[Records from a data source]
=== Begin Enclosure ===

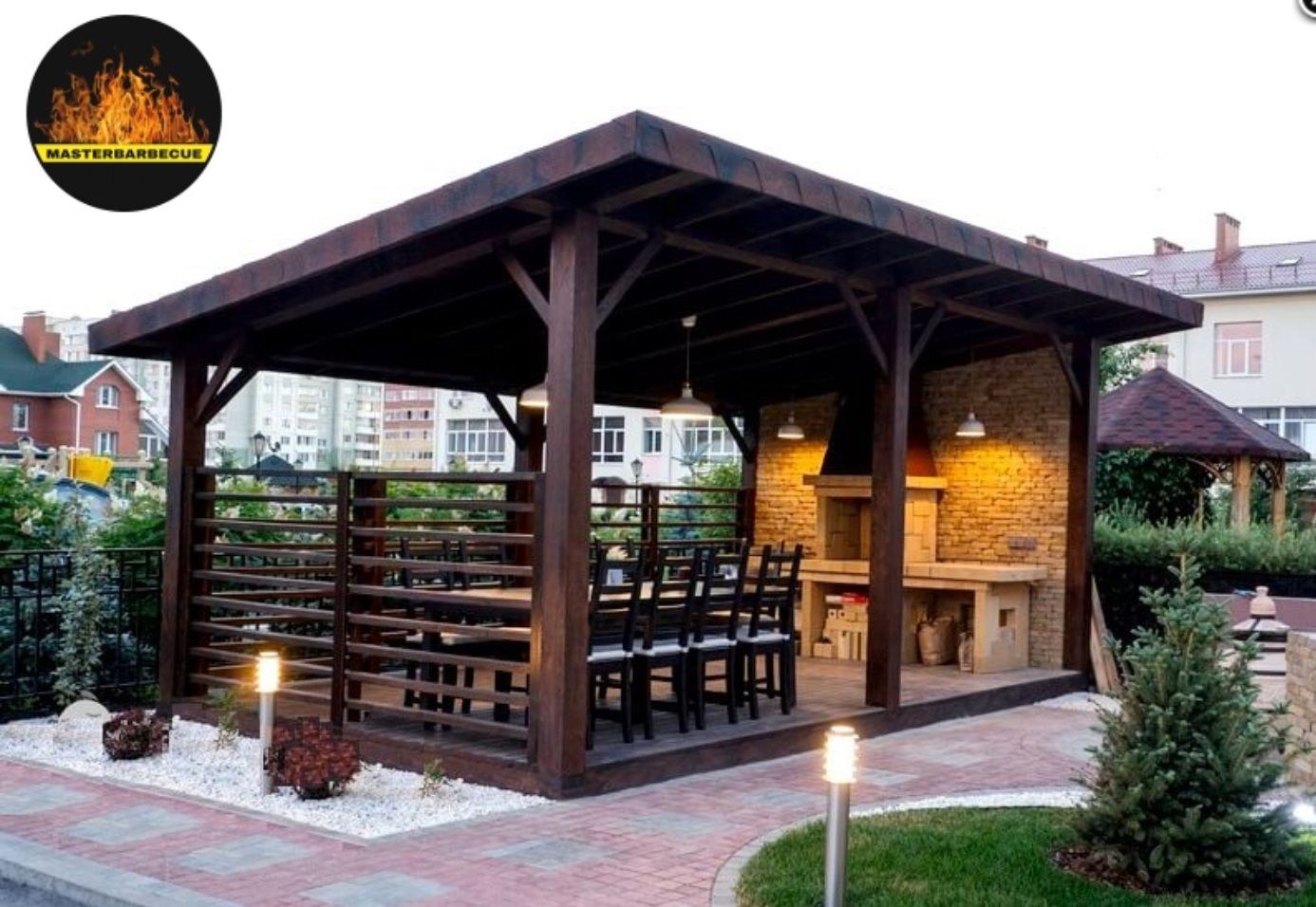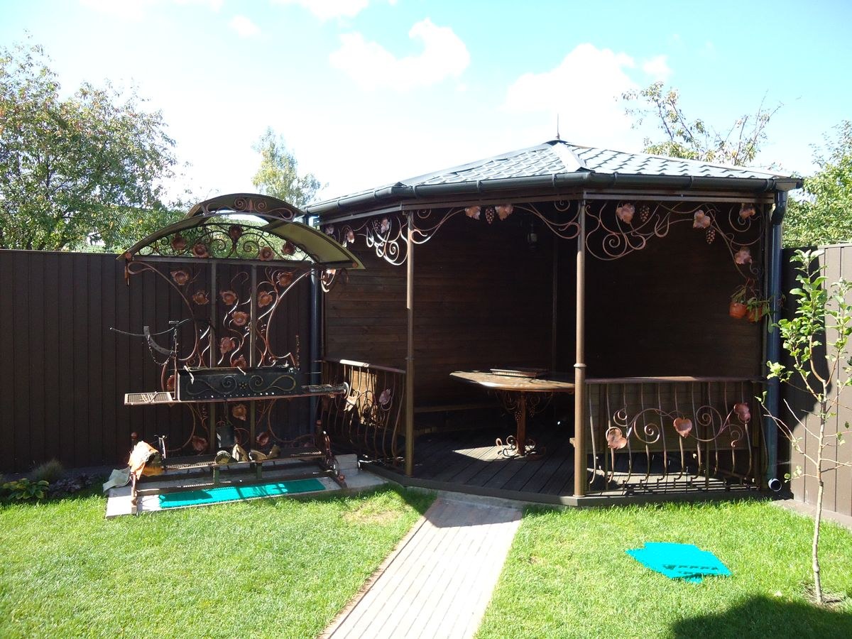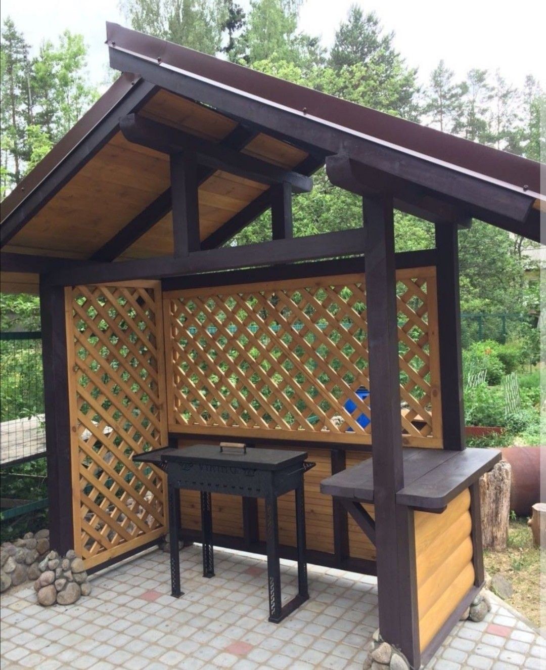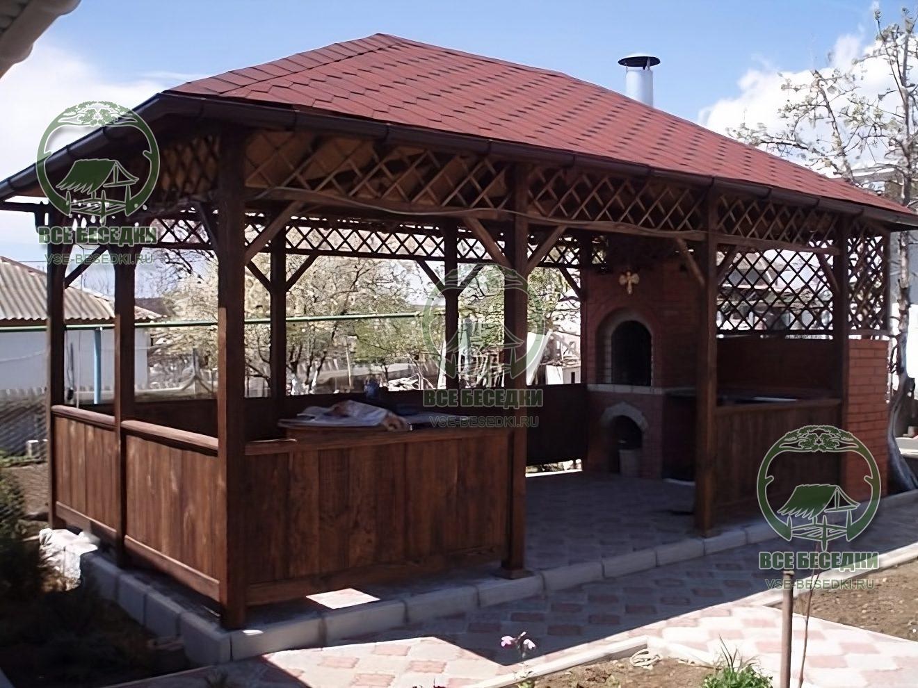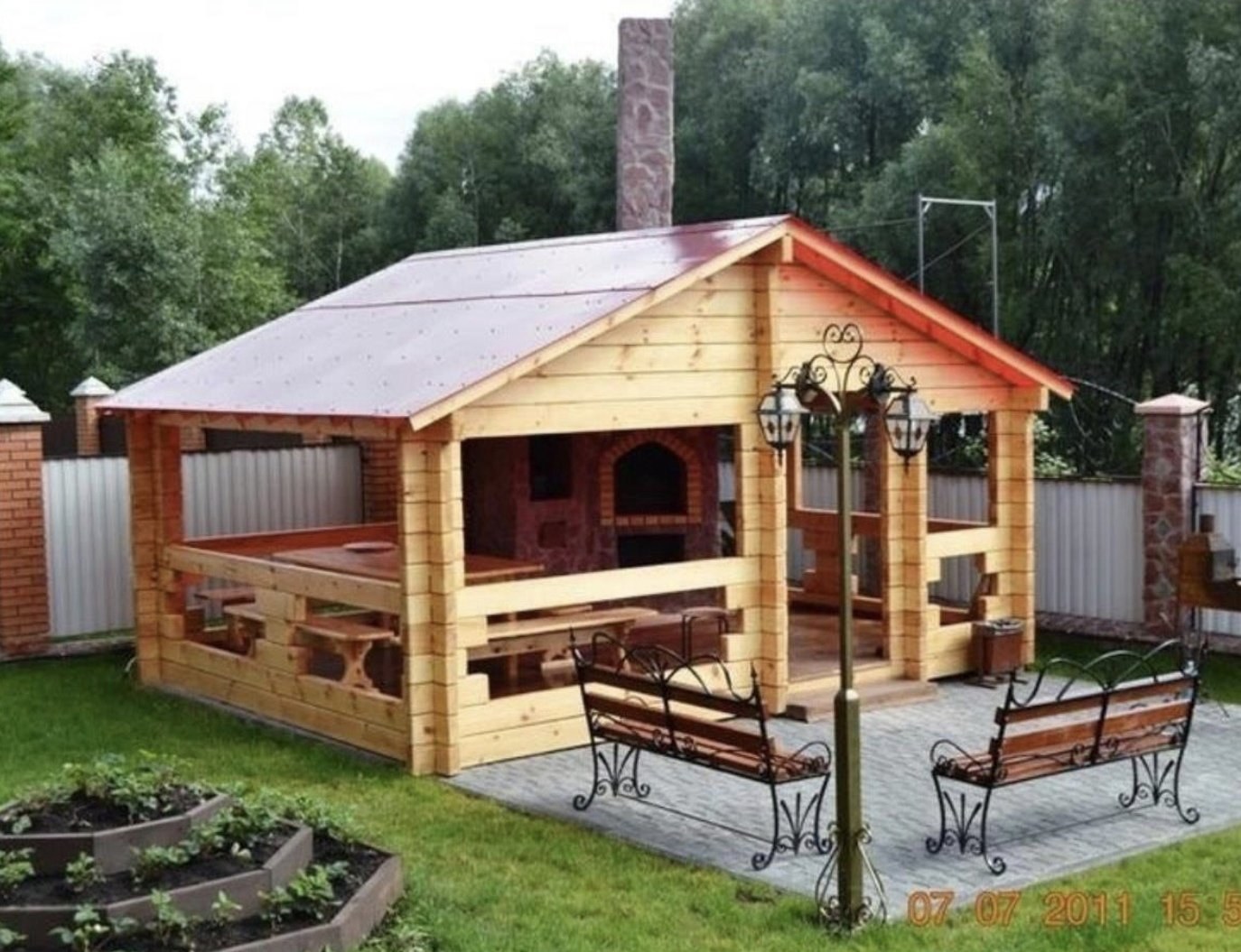 Деревянная беседка с мангальной зоной из металла (76 фото)
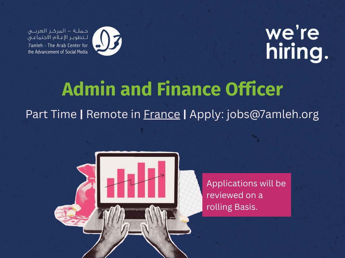 For inquiries, email jobs@7amleh.org with the subject line “Questions about Admin and Finance Role.” We will do our best to respond, subject to volume of inquiries.
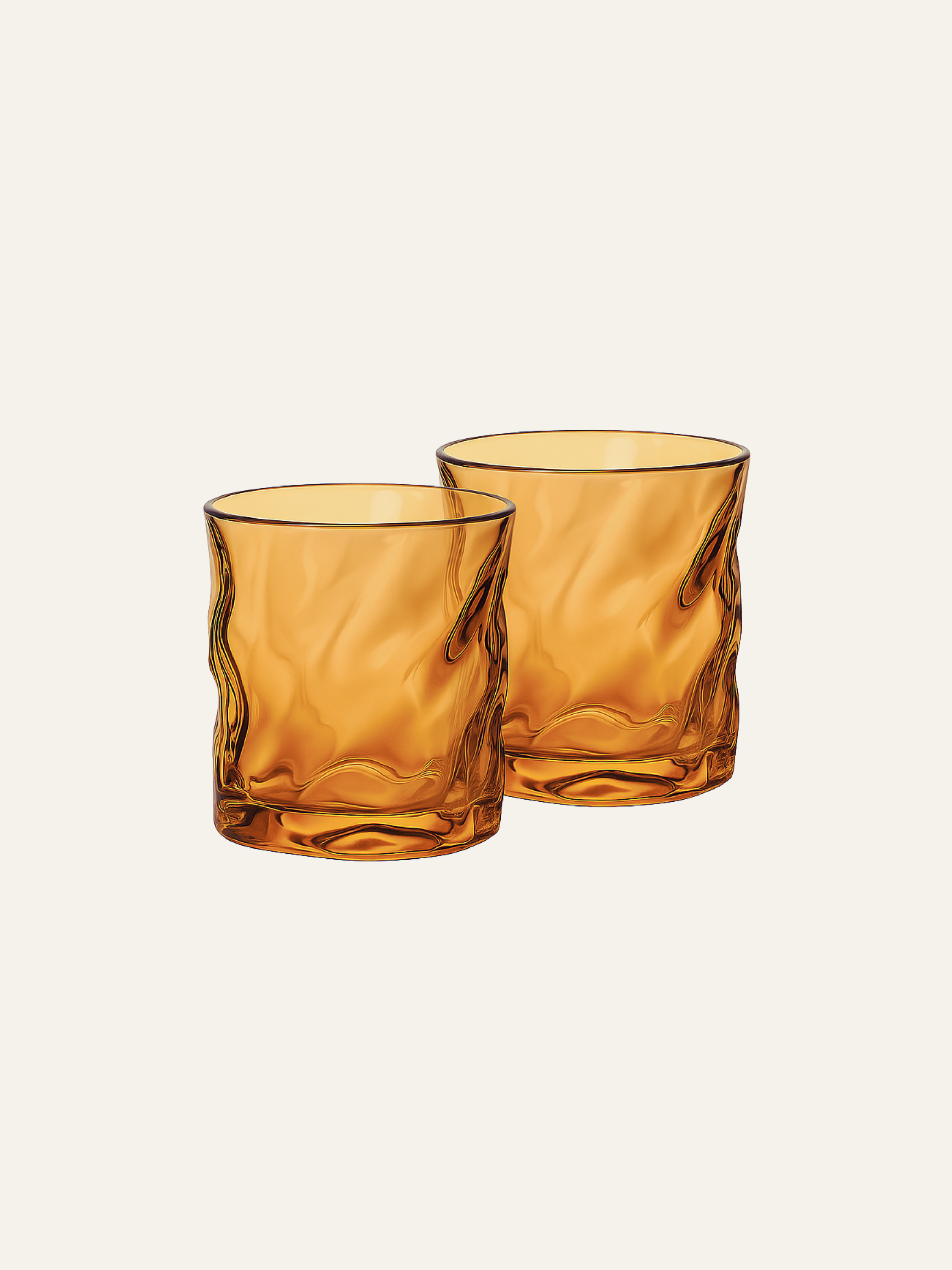 Crafted from durable, amber-tinted glass, the Bel Air Coves Glasses are ideal for serving refreshing water, fine spirits, or thoughtfully crafted cocktails. Their warm hue and sculptural form make every pour feel intentional, whether for everyday use or special occasions.
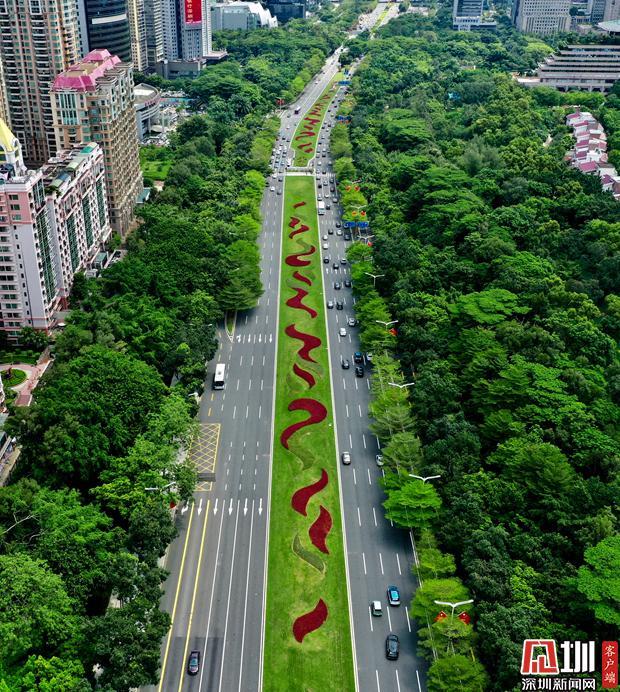 深南大道“凤凰飞羽”的花带图案(市城管局供图)
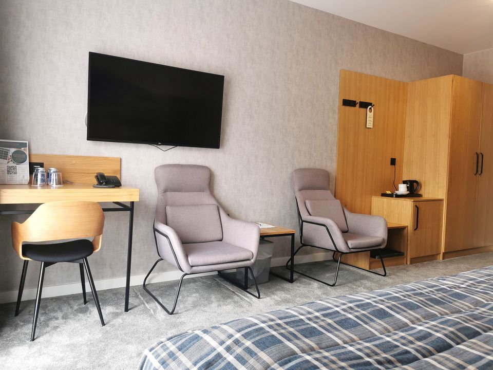 Pokoj s vyšším standardem a velkou plochou. Manželská postel o šířce 180 cm a odpočinkový kout. Televizor LCD 55". V koupelně je vana.
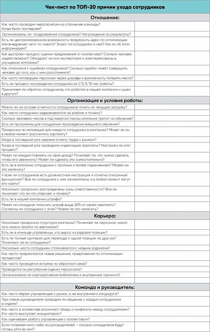 Предлагаем чек-лист на основе причин ухода сотрудников. Проверьте себя, отдел и компанию и внедрите улучшения уже сейчас.
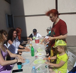 Семейный библиотечный клуб «Родительский лицей» стал активным участником II Фестиваля «Мир возможностей» (организатор фестиваля незрячий читатель библиотеки Ирина Алимовна Яманова при поддержке Администрации Лежневского муниципального района Ивановской области), состоявшегося 6 июля на территории «Рабочего сада» (п. Лежнево) для людей, имеющих инвалидность. География фестиваля: Ивановская область, Московская область, Подмосковье, Кострома. На познавательных и развлекательных площадках проходили различные мастер-классы (валяние, массаж, особенная физкультура, трюковая дрессировка собак-проводников), работала фотозона (фото на память с собакой-проводником), надувные батуты, аквагримм и многое другое.
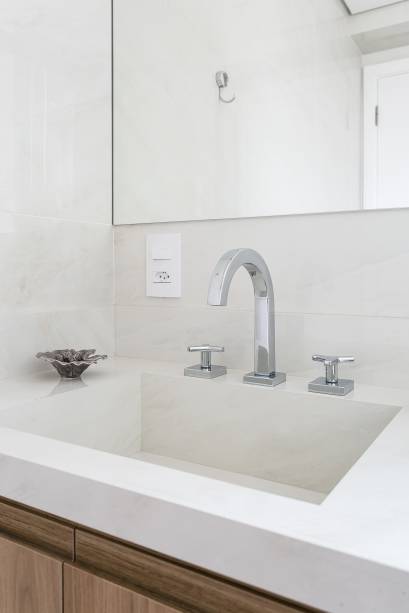 Para o banheiro da suíte, foi utilizado um revestimento marmorizado branco com veios acinzentados. O espelho reveste armários aéreos, podendo funcionar como espaço de armazenamento funcional mas sem perder a beleza.

=== End Enclosure ===

Problem description ▸ Return each entry exactly as it appears above, but exclude the pictures.

Result of the task ▸
 Деревянная беседка с мангальной зоной из металла (76 фото)
 For inquiries, email jobs@7amleh.org with the subject line “Questions about Admin and Finance Role.” We will do our best to respond, subject to volume of inquiries.
 Crafted from durable, amber-tinted glass, the Bel Air Coves Glasses are ideal for serving refreshing water, fine spirits, or thoughtfully crafted cocktails. Their warm hue and sculptural form make every pour feel intentional, whether for everyday use or special occasions.
 深南大道“凤凰飞羽”的花带图案(市城管局供图)
 Pokoj s vyšším standardem a velkou plochou. Manželská postel o šířce 180 cm a odpočinkový kout. Televizor LCD 55". V koupelně je vana.
 Предлагаем чек-лист на основе причин ухода сотрудников. Проверьте себя, отдел и компанию и внедрите улучшения уже сейчас.
 Семейный библиотечный клуб «Родительский лицей» стал активным участником II Фестиваля «Мир возможностей» (организатор фестиваля незрячий читатель библиотеки Ирина Алимовна Яманова при поддержке Администрации Лежневского муниципального района Ивановской области), состоявшегося 6 июля на территории «Рабочего сада» (п. Лежнево) для людей, имеющих инвалидность. География фестиваля: Ивановская область, Московская область, Подмосковье, Кострома. На познавательных и развлекательных площадках проходили различные мастер-классы (валяние, массаж, особенная физкультура, трюковая дрессировка собак-проводников), работала фотозона (фото на память с собакой-проводником), надувные батуты, аквагримм и многое другое.
 Para o banheiro da suíte, foi utilizado um revestimento marmorizado branco com veios acinzentados. O espelho reveste armários aéreos, podendo funcionar como espaço de armazenamento funcional mas sem perder a beleza.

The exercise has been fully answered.